The City Council unanimously approved the settlement Friday after meeting in private. It includes a $500,000 donation to the community around the intersection of 38th and Chicago Avenue — now known as George Floyd Square — where police confronted Floyd last May 25 after a convenience store clerk claimed that he had tried to use a counterfeit $20 bill to buy cigarettes.
A bystander video recorded a police officer, Derek Chauvin, kneeling on Floyd's neck for about nine minutes. Floyd was Black, and Chauvin is white. The video brought worldwide attention to Floyd's death and prompted global racial justice protests.

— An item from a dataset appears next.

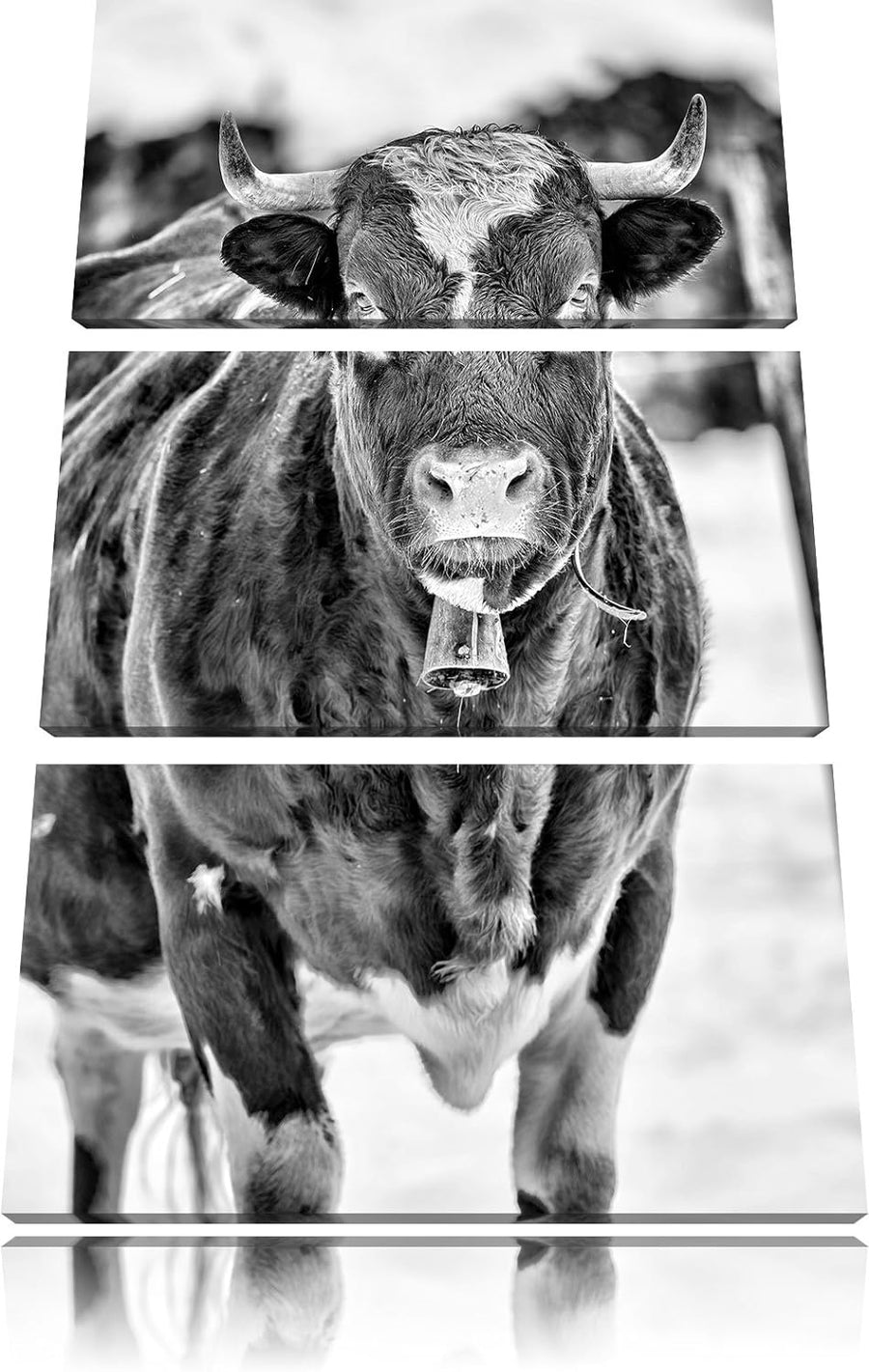Pixxprint Kuhbullen in Schneelandschaft als Leinwandbild/Grösse: 3 Teilig (120x80) cm/Wandbild/Kunst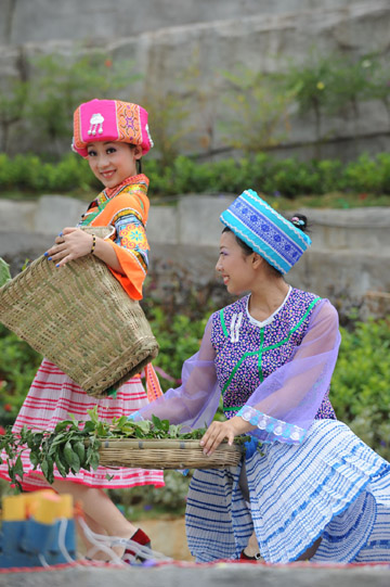 7月26日,兩名演員在“藥王谷之夏”活動現場表演采集藥材。 當日,由貴州清鎮市旅游局主辦的“藥王谷之夏”麥格生態民俗文化節系列活動在清鎮市麥格苗族布依族鄉正式啟動。在為期3天的活動中,主辦方將舉辦民族風情攝影展、“六月六”布依歌會、民族服飾展、自行車自駕游等11項活動。

"I hope that today will center the voices of the family and anything that they would like to share," Council President Lisa Bender said. "But I do want to, on behalf of the entire City Council, offer my deepest condolences to the family of George Floyd, his friends and all of our community who are mourning his loss."
Benjamin Crump, one of the attorneys representing the Floyd family, said it was the largest pretrial settlement in a civil rights wrongful death lawsuit, and said it "sends a powerful message that Black lives do matter and police brutality against people of color must end."
Crump praised Mayor Jacob Frey and the Minneapolis City Council at a news conference and said Floyd's death "was a watershed moment for America."
"It's going to be a long journey to justice. This is but one step on the journey to justice," Crump said. "This makes a statement that George Floyd deserved better than what we witnessed on May 25, 2020, that George Floyd's life matters, and that by extension, Black lives matter."